Subject terms: Electrical and electronic engineering, Mathematics and computing

Introduction

Recently, information security has received considerable attention due to the appearance of serious problems with multimedia data, such as illegal distribution, copying, authentication, and editing. Among the techniques followed to avoid these problems, digital watermarking is a technology used to ensure law enforcement and copyright protection of multimedia data. Digital watermarking methods secure multimedia data by embedding copyright information (known as a watermark) imperceptibly and securely into the host in a way that resists any possible manipulation, whether intentional or unintentional, that attempts to delete or damage the watermark.

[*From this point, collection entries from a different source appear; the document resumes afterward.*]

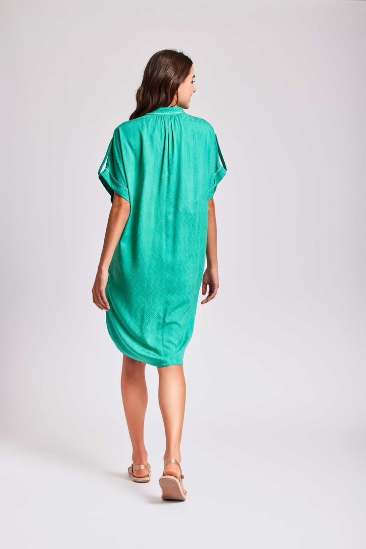 Made from a comfortable, lightweight fabric, the emerald dress features short, wide sleeves, with an elegant mandarin collar and V-neck. Buttons on the sleeves allow for a customizable fit. A versatile and chic garment for any occasion.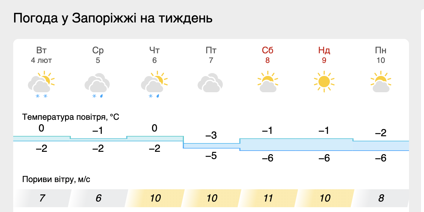 - Четверг, 6 февраля. Днем 0°C, ночью до -2°C. Ожидается снег с дождем. Порывы ветра до 10 м/с.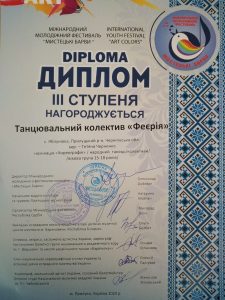 Танцювальний колектив «Феєрія» КЗ «Яблунівська спеціалізована школа – інтернат І – ІІІ ступенів з поглибленим вивченням окремих предметів та курсів» здобув ІIIмісце в номінації «Народний танець /колективи/».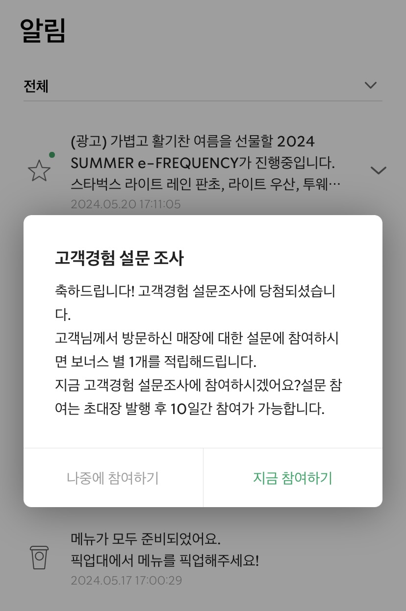한 밤에 스벅 알람이 딱! 새로운 뭔가가 저의 호기심을 자극했습니다. 그것은 스타벅스 '고객경험 설문 조사'!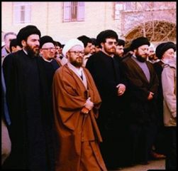 از راست: سید محمد حسینی شاهرودی، شهید سید محمدباقر حکیم، سید علیرضا حائری، ناصر مکارم شیرازی، ناشناس و سید محمود هاشمی شاهرودی

Several watermarking methods for audio signal protection have been published in the literature, which can be mainly classified into two categories: time domain methods and transform domain methods. The methods in the first category^{1, 2} are the simplest; they embed the watermark by directly modifying the host signal samples. However, these methods are generally not very robust to various common signal processing manipulations. In contrast, the second category methods are more robust by embedding the watermark into transform coefficients; examples include the discrete wavelet transform (DWT)^3–5, discrete cosine transform (DCT)⁶, singular value decomposition (SVD)⁷, and lifting wavelet transform (LWT)⁸. Moreover, to improve the performance, hybrid audio watermarking methods have been proposed that adopt two transforms, such as DWT-DCT⁹, DWT-DTMT¹⁰, and DWT-SVD¹¹.

The main limitations of the existing audio watermarking systems are low robustness, in particular to shifting modification, and high computation cost, especially for long-duration audio.

Several methods address the first limitation that can be overcome by using a synchronization code strategy^12–18. With this strategy, synchronization codes are also embedded together with a watermark into the host audio signal to determine the positions of the modified samples of the audio signal. In the watermark extraction process, these synchronization codes are firstly found, and then the watermark bits that follow the synchronization code can be extracted. Without using a synchronization code strategy, we proposed in¹⁹ a hybrid approach robust to attacks, including shifting attacks, based on the Dual Tree Complex Wavelet Transform (DTCWT) and the Fractional Charlier Transform (FrCT). We embedded the watermark in the host signal by manipulating the coefficients resulting from the application of the DTCWT and FrCT, respectively.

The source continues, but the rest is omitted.